What the task requires = Look through the data below for the line with "GOUDEN CAROLUS INDULGENCE" and the line with "Anpassa med era", then output those two and all lines in between, exactly as written.

Data for this exercise =
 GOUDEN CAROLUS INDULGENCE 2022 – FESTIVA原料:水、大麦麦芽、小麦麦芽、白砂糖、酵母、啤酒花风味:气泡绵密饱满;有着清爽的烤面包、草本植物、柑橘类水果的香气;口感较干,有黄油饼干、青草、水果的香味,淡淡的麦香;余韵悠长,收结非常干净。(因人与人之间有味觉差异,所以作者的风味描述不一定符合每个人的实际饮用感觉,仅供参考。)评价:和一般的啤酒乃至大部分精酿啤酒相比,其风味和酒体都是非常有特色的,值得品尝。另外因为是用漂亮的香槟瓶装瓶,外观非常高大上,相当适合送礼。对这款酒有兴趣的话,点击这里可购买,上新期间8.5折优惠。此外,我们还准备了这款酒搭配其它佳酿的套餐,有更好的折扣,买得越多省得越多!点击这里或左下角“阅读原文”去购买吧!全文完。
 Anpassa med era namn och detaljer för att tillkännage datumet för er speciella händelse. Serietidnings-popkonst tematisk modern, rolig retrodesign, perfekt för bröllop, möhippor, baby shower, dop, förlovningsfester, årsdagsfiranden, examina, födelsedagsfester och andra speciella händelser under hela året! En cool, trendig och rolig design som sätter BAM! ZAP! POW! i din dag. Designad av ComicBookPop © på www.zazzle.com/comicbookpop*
* * *
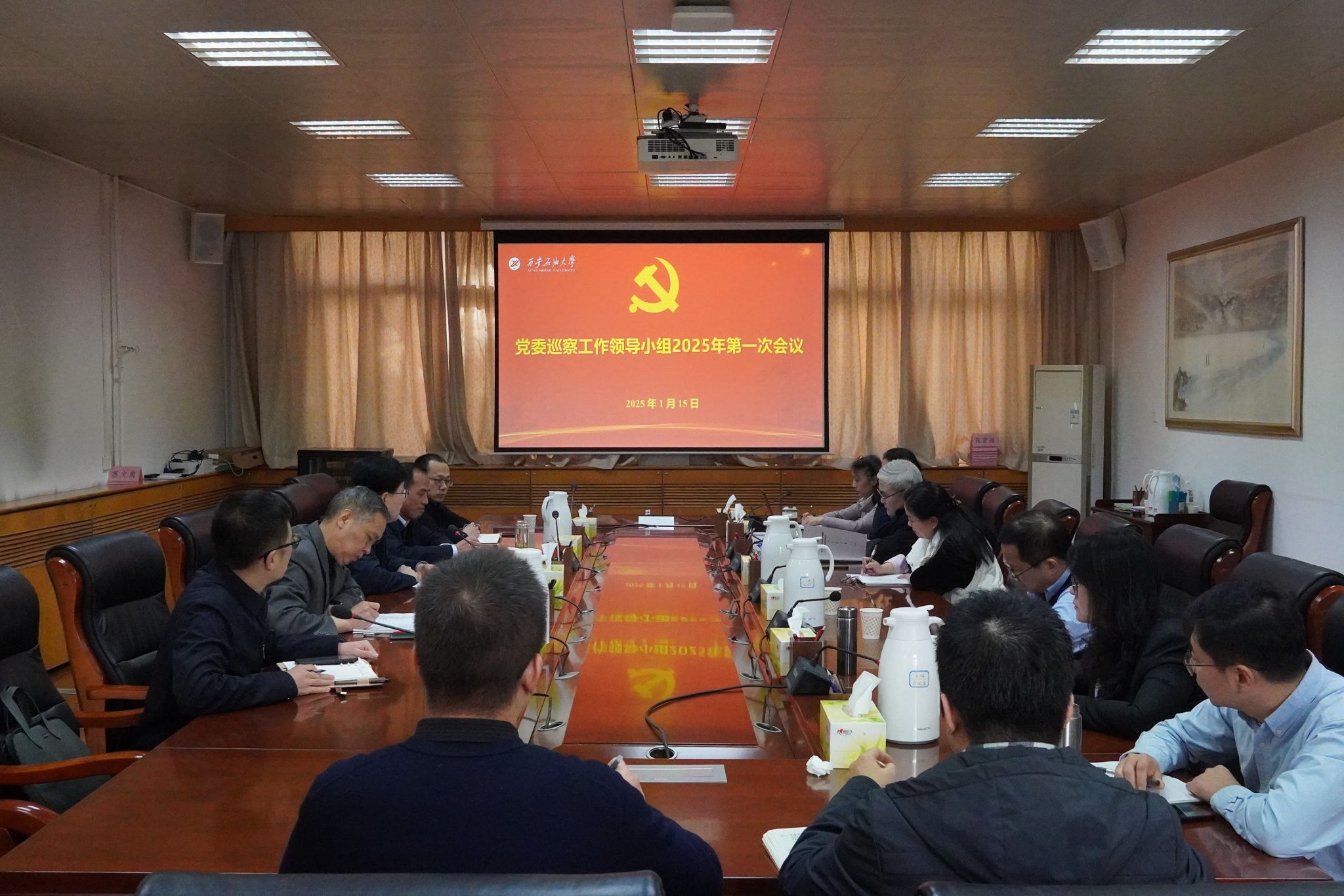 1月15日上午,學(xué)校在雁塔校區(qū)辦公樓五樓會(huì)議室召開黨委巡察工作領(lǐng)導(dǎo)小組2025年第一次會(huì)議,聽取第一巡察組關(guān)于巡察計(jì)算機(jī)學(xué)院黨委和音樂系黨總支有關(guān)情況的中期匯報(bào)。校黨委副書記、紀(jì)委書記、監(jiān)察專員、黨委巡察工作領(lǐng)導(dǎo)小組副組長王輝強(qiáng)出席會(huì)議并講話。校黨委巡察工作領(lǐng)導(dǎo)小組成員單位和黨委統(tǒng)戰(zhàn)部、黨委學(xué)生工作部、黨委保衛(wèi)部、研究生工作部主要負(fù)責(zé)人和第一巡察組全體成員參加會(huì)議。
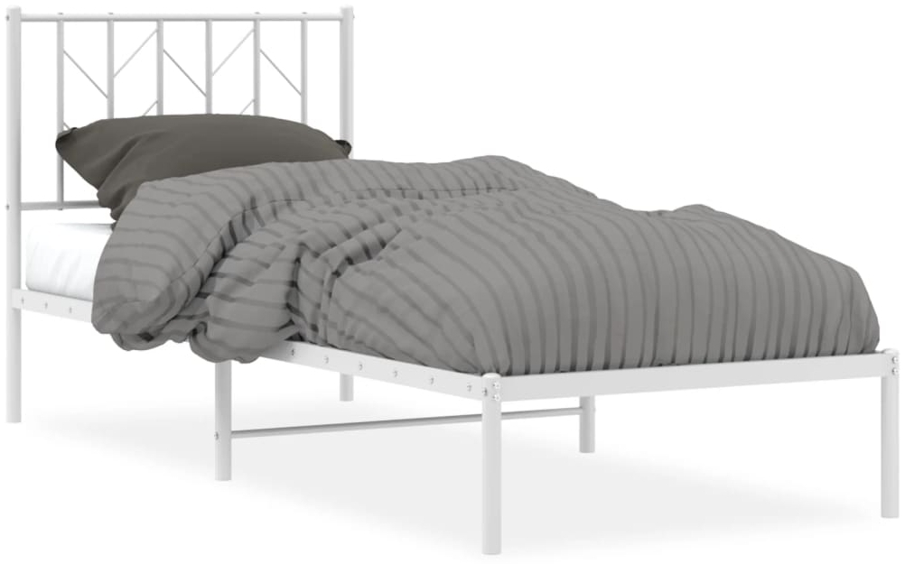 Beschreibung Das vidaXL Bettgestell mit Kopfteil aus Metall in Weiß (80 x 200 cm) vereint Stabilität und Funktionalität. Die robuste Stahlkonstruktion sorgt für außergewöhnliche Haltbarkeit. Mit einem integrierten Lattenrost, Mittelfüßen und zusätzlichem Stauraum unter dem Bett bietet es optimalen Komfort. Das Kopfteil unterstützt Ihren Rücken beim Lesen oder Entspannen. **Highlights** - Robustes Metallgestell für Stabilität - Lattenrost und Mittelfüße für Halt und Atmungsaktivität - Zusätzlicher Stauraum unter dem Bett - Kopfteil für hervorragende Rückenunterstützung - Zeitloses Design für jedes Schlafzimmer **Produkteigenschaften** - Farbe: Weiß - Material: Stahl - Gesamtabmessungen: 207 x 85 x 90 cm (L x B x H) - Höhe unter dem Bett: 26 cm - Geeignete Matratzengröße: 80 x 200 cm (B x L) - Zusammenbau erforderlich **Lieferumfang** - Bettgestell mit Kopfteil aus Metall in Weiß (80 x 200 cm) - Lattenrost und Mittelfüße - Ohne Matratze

Result of the exercise =
 GOUDEN CAROLUS INDULGENCE 2022 – FESTIVA原料:水、大麦麦芽、小麦麦芽、白砂糖、酵母、啤酒花风味:气泡绵密饱满;有着清爽的烤面包、草本植物、柑橘类水果的香气;口感较干,有黄油饼干、青草、水果的香味,淡淡的麦香;余韵悠长,收结非常干净。(因人与人之间有味觉差异,所以作者的风味描述不一定符合每个人的实际饮用感觉,仅供参考。)评价:和一般的啤酒乃至大部分精酿啤酒相比,其风味和酒体都是非常有特色的,值得品尝。另外因为是用漂亮的香槟瓶装瓶,外观非常高大上,相当适合送礼。对这款酒有兴趣的话,点击这里可购买,上新期间8.5折优惠。此外,我们还准备了这款酒搭配其它佳酿的套餐,有更好的折扣,买得越多省得越多!点击这里或左下角“阅读原文”去购买吧!全文完。
 Anpassa med era namn och detaljer för att tillkännage datumet för er speciella händelse. Serietidnings-popkonst tematisk modern, rolig retrodesign, perfekt för bröllop, möhippor, baby shower, dop, förlovningsfester, årsdagsfiranden, examina, födelsedagsfester och andra speciella händelser under hela året! En cool, trendig och rolig design som sätter BAM! ZAP! POW! i din dag. Designad av ComicBookPop © på www.zazzle.com/comicbookpop*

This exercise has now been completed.